У Серёжи-верующего было пятеро детей. Четырёх дочек выдал замуж в город, по праздникам они семьями приезжали, все на машинах. Пятый, младший сын, со своей семьёй жил в отцовском доме и вместе со стариками вёл хозяйство. В слободке, да и во всём селе они считались богачами: сад, большой огород, скотина, лошадь, пруд, даже свой трактор. Сельчане и любили Серёжу, потому что надо же кого-то любить, а выбирать из опускавшихся и редевших ближних становилось всё труднее, и – не любили: за «богатство», из зависти на «путных» детей, на забытый в их семьях мир, за то, что не пил и вообще – был ближе к богу, не понятному уже никому, чем к миру, к людям, пьяным и несчастным.
Антон долго смотрел на уходящего Серёжу-верующего, даже перешёл к другому окошку – ещё что-то важное просилось в воспоминание, но дед с внучкой вошли в свою калитку и исчезли сразу за высокими белыми цветами. Не вспомнилось… сдавило только в груди, так же цепко, как и в животе.
«А что и в самом деле – к попу?»
Засуетился: пойти – не пойти? С одной стороны – наплевать на всех попов, лечь и умереть, перестанет в брюхе жечь, да и ладно, а только лишь натыкался на смерть, начинало подташнивать и хотелось побыстрей узнать, может есть в ней какой секрет? Может, есть какой секрет и в пока ещё держащейся в нём жизни? Ведь наверняка и поп, и Серёжа-верующий знает о ней, чего не знает он, чего он так и не узнал, хотя только за этим и родился на этот свет, а на том свете – пусть там и хорошо, – если поп не врёт, конечно, – ничего уже не узнать, и, значит, если ты живёшь и этого главного не знаешь, то, считай, что и не живёшь, а если узнаешь, то даже если… Тут он запутался и тем более решил идти к попу – за ясностью.
С крыльца его словно в грудь толкнуло назад: на икону хоть посмотреть, к попу всё-таки собрался. Воротился – иконки в углу не было. Опустился на шаткий табурет, поскрёб лоб.
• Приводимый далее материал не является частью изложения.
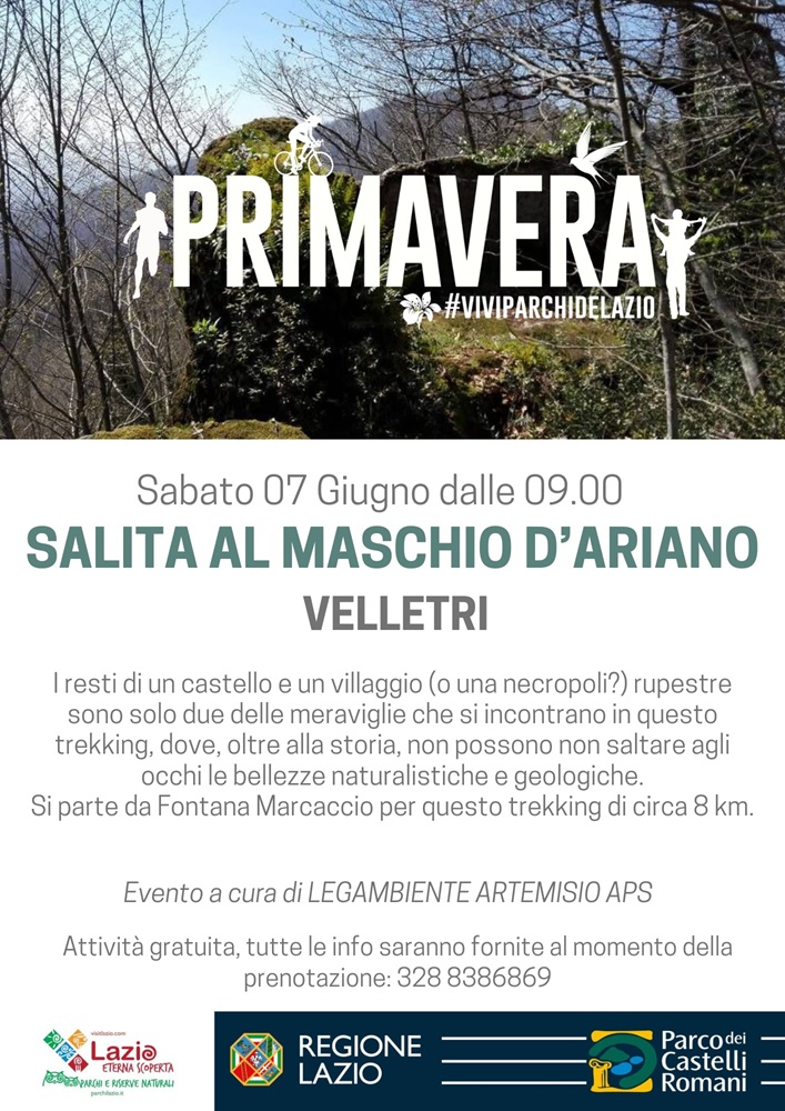 Sabato 7 giugno, l’appuntamento con l’evento gratuito a cura di Legambiente Artemisio Aps, è con il trekking “Salita al Maschio d’Ariano". Circa 8 Km di percorso partendo da Fontana Marcaccio a Velletri (RM), per una visita guidata in cui si parlerà di storia, senza tralasciare le bellezze naturalistiche e geologiche che si incontreranno lungo il cammino. Tutti i dettagli sono disponibili nella locandina allegata.

Выходит, не сон. Жена кричала: «побоялся бы бога, скотина!» – а он в ответ на это выдрал из угла икону, выскочил в сени и запустил её на чердак. Пьяный, конечно.
На чердаке он не был давно, с прошлогодней зимы, когда искал здесь что продать неожиданным старьёвщикам из Москвы. Продал за пятнадцать рублей распаявшийся мятый самовар и льняную чесалку – отдельно, за небольшой пузырёк спирта. Больше ничего москвичам не приглянулось, и Антон, помнится, чертыхнулся в адрес предков: столько их на свете копошилось, а одного Антона один раз досыта напоить не сумели, эх!..
На середине лестницы в кишках резануло и заклёкало. Антон замычал от боли и подумал, что если свалится вниз, то больше уж не встанет. Наверху огляделся: куда могла полететь боженька? Полез через груды старья к дальней застрехе. Поднявшаяся пыль обозначила невидимый до этого солнечный лучик. Усмехнулся: пока пыли нет и света не видно. Иконы не было. «Ладно, и такого примет…» Хотел привычно выругаться в адрес попа, но сдержался. Уселся на край фанерного ящика, огляделся теперь по-другому: сколько же здесь всего! Сундуки, плоские деревянные чемоданы с железными уголками, огромный светлый чугун, в нём – скобы, кольца, петли, костыли… Старый жернов, связка обручей, навалом конская сбруя, мятые полдёнки, тележное колесо, инструменты, непонятные даже ему, едва ли не первому плотнику на селе и болоте, и почти в полчердака, тоже навалом, части большой деревянной машины. На всём лежало столько пыли, что это была уже и не пыль, а новая естественная оболочка, мёртвая кожа этих никому, даже тем чудакам из столицы, не нужных мёртвых вещей.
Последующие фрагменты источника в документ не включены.